DIRECTIONS FOR THIS TASK.
The answer must reproduce the listing exactly, with every picture left out.

DATA PROVIDED.
┏━━

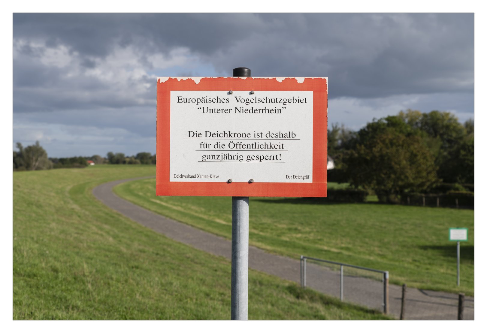 Schon in der Vorbereitung war klar, dass dies ein anderer Abschnitt werden würde. Viele Wege sind hier gesperrt – Deichkronen dürfen aus Gründen des Hochwasserschutzes nicht betreten werden, ganze Strecken verlaufen hinter dem Deich oder weit im Landesinneren. Meistens nur in Orten wie Büderich, Vynen, Grieth oder Bimmen kommt man überhaupt an den Rhein heran. Dazwischen liegen großflächige Naturschutzgebiete. So wurde aus dem Weg entlang des Flusses ein Weg entlang der Vorstellung vom Fluss – sichtbar wenn überhaupt nur in der Ferne, meist hinter dem Deich, hinter Böschungen, Weiden, Straßen.
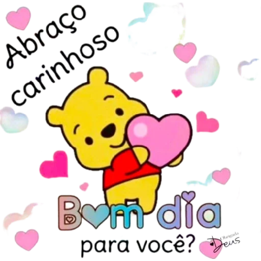 Um desenho do ursinho Winnie the Pooh com um coração rosa, rodeado de corações coloridos. O texto 'Abraço carinhoso Bom dia para você?' está escrito em preto.
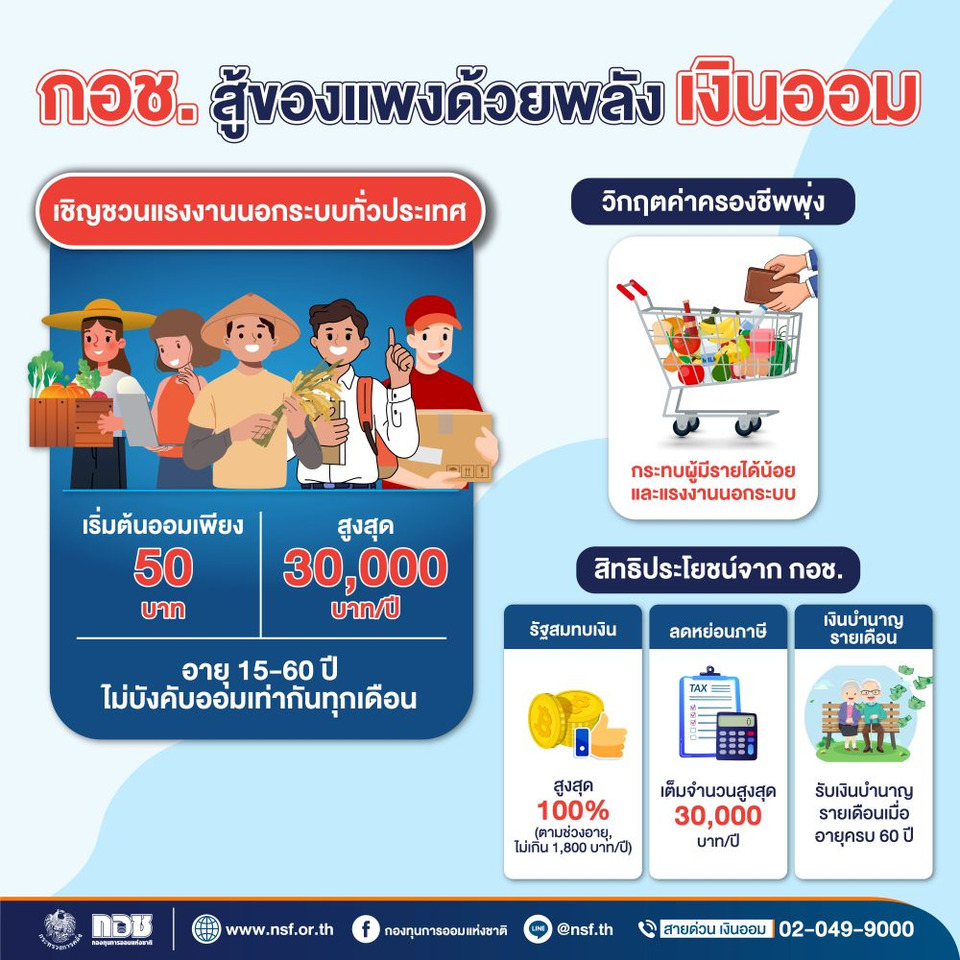 กอช.เผยสถานการณ์ค่าครองชีพไทยขยับตัวสูงขึ้นตามปัจจัยโลก กระทบค่าอาหารสดพุ่งทำสถิติใหม่ ห่วงแรงงานนอกระบบ ผู้มีรายได้น้อยแบกภาระหนัก ชูทางรอดด้วยการ “ออมเงินก้อนเล็ก” เพื่อสร้างเกราะป้องกันความผันผวนทางเศรษฐกิจ ย้ำออมกับ กอช. คือการลงทุนที่คุ้มค่าที่สุดในยุคเงินเฟ้อ ด้วยสิทธิประโยชน์รัฐช่วยสมทบและบำนาญตลอดชีพ
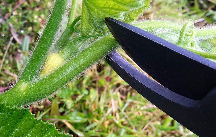 Для сортов, дающих мелкие плоды, условия несколько отличаются. Над каждой оставленной завязью достаточно оставить 2-3 листа. Если сорт не известен, рекомендуется выбрать промежуточный вариант и оставить 4 листа. Это гарантирует, что тыквины вызреют в любом случае. Прищипку побегов можно выполнять вручную, однако лучше воспользоваться секатором или ножницами, чтобы срез был аккуратным и быстро зажил.

┗━━

SOLUTION FOR THIS EXERCISE.
 Schon in der Vorbereitung war klar, dass dies ein anderer Abschnitt werden würde. Viele Wege sind hier gesperrt – Deichkronen dürfen aus Gründen des Hochwasserschutzes nicht betreten werden, ganze Strecken verlaufen hinter dem Deich oder weit im Landesinneren. Meistens nur in Orten wie Büderich, Vynen, Grieth oder Bimmen kommt man überhaupt an den Rhein heran. Dazwischen liegen großflächige Naturschutzgebiete. So wurde aus dem Weg entlang des Flusses ein Weg entlang der Vorstellung vom Fluss – sichtbar wenn überhaupt nur in der Ferne, meist hinter dem Deich, hinter Böschungen, Weiden, Straßen.
 Um desenho do ursinho Winnie the Pooh com um coração rosa, rodeado de corações coloridos. O texto 'Abraço carinhoso Bom dia para você?' está escrito em preto.
 กอช.เผยสถานการณ์ค่าครองชีพไทยขยับตัวสูงขึ้นตามปัจจัยโลก กระทบค่าอาหารสดพุ่งทำสถิติใหม่ ห่วงแรงงานนอกระบบ ผู้มีรายได้น้อยแบกภาระหนัก ชูทางรอดด้วยการ “ออมเงินก้อนเล็ก” เพื่อสร้างเกราะป้องกันความผันผวนทางเศรษฐกิจ ย้ำออมกับ กอช. คือการลงทุนที่คุ้มค่าที่สุดในยุคเงินเฟ้อ ด้วยสิทธิประโยชน์รัฐช่วยสมทบและบำนาญตลอดชีพ
 Для сортов, дающих мелкие плоды, условия несколько отличаются. Над каждой оставленной завязью достаточно оставить 2-3 листа. Если сорт не известен, рекомендуется выбрать промежуточный вариант и оставить 4 листа. Это гарантирует, что тыквины вызреют в любом случае. Прищипку побегов можно выполнять вручную, однако лучше воспользоваться секатором или ножницами, чтобы срез был аккуратным и быстро зажил.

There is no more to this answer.